What is the solubility of MnS, in grams per liter, in a buffer solution that is 0.120 M HC2H3O2 - 0.490 M NaC2H3O2? For MnS, Kspa=3x10^7.
First determine the pH of the buffer solution.
pH = pKa + log(base)/(acid) and convert pH to H^+.
You then have
Ksp = (Mn^2+)(S^2-)
You have k1 and k2 for H2S as
(H^+)(HS^-)/(H2S) = k1
(H^+)(S^2-)/(HS^-) = k2
and (Mn^2+) = (S^2-) + (HS^-) + (H2S)
This is four unknowns and four equations but it isn't that bad. You can solve these four without assumptions. Most quant books show how to do this.
To determine the solubility of MnS in the given buffer solution, you need to consider the common ion effect and the Ksp expression.
Given:
- MnS with Ksp = 3x10^7
- Buffer solution with a concentration of 0.120 M HC2H3O2 and 0.490 M NaC2H3O2
1. Initialize the variables:
- Let 'x' be the solubility of MnS in grams per liter.
- Let 's' be the concentration of S^2- ions in moles per liter, which is equal to the solubility of MnS.
2. Write the balanced equation for the dissociation of MnS:
MnS(s) ⇌ Mn2+(aq) + S^2-(aq).
3. Write the Ksp expression for MnS:
Ksp = [Mn2+][S^2-]
4. Determine the value of [Mn2+]:
Since MnS dissociates in a 1:1 ratio, the concentration of Mn2+ ions is equal to the concentration of S^2-, which is 's'.
5. Determine the value of [S^2-]:
Since MnS dissociates completely, the concentration of S^2- ions is also equal to 's'.
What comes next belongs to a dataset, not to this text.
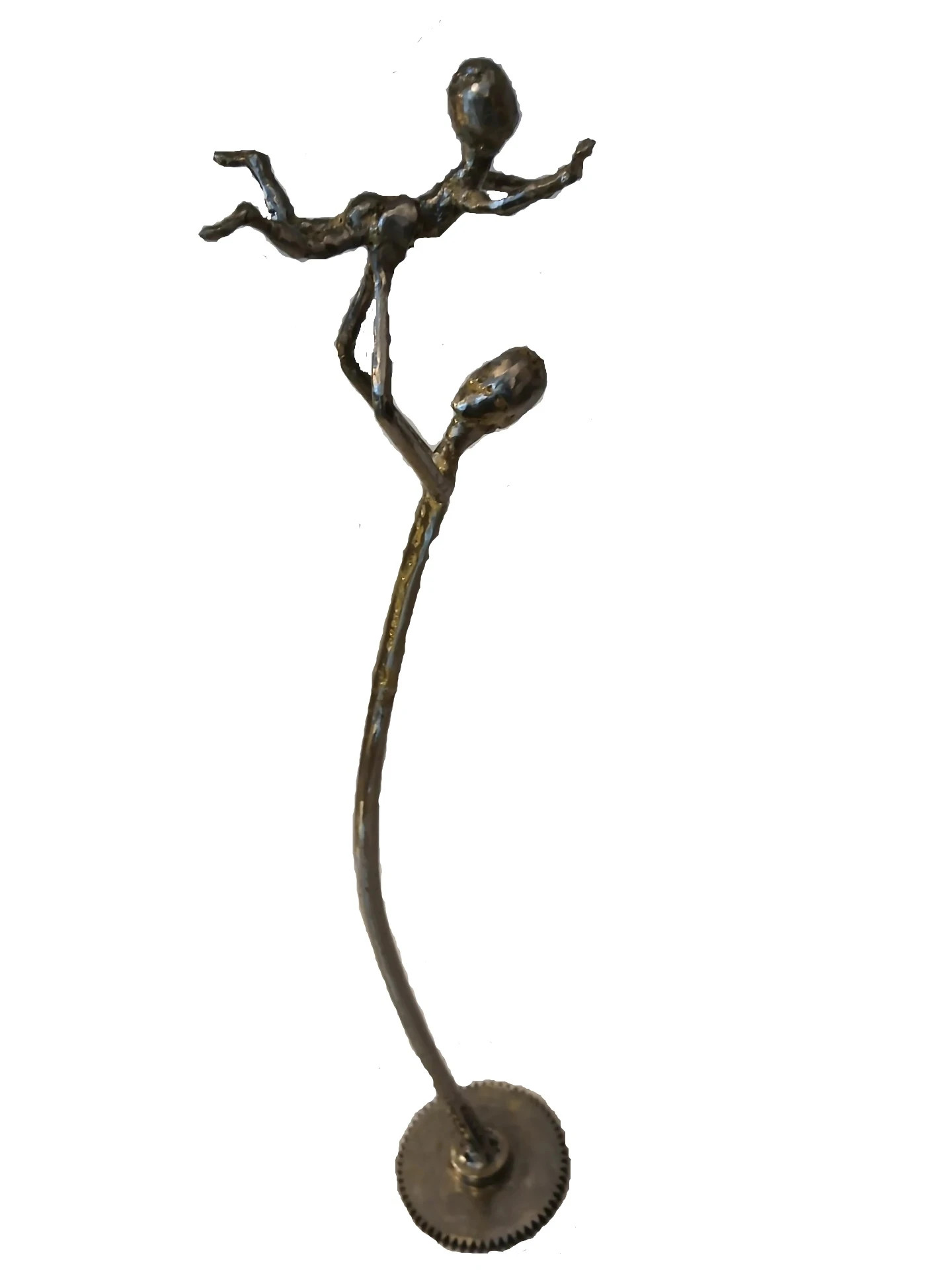 Figur av rostigt järn och gammalt kugghjul. Ibland slipar jag bort all rost för att få en annan yta och ett annat uttryck i en figur. När en skulptur är klar lackar jag den alltid med en hård lack för att få en lyster i ytan. Denna är gjord som en hyllning från alla barn till sina pappor. I basen är det ett kugghjul som symbol för det kontrollerade tänkandet och i toppen är barnet som symbol för den spontana känslan och livsglädjen.

6. Write the expression for [Mn2+] and [S^2-]:
[Mn2+] = [S^2-] = s
7. Calculate the concentrations of HC2H3O2 and NaC2H3O2:
[HAc] = [HC2H3O2] = 0.120 M
[Ac-] = [NaC2H3O2] = 0.490 M
8. Apply the common ion effect by adjusting the concentrations of Mn2+ and S^2-:
[Mn2+] = [S^2-] = s - [Ac-]
9. Substitute the values into the Ksp expression:
Ksp = (s - [Ac-])(s)
10. Solve for 's':
3x10^7 = (s - [Ac-])(s)
11. Solve the quadratic equation:
Expand the brackets and rearrange the equation:
3x10^7 = s^2 - [Ac-]s
Substitute the values for [Ac-]:
3x10^7 = s^2 - (0.490 M)s
Rearrange the equation to the standard quadratic form:
s^2 - (0.490 M)s - 3x10^7 = 0
12. Use the quadratic formula to solve for 's':
s = (-b ± √(b^2 - 4ac)) / (2a)
Substitute the values:
s = (0.490 M ± √((0.490 M)^2 - 4(1)(-3x10^7))) / (2(1))
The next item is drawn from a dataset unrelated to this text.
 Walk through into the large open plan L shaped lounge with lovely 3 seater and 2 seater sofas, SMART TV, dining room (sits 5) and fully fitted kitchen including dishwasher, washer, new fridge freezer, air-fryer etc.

Calculate the value inside the square root:
√((0.490 M)^2 - 4(1)(-3x10^7)) ≈ 1.348 M
Substitute the value into the equation:
s ≈ (0.490 M ± 1.348 M) / 2
13. Calculate the possible values of 's':
s ≈ (0.490 M + 1.348 M) / 2 ≈ 0.919 M
s ≈ (0.490 M - 1.348 M) / 2 ≈ -0.429 M
Since concentration cannot be negative, the solubility of MnS (S^2-) is approximately 0.919 M in the given buffer solution.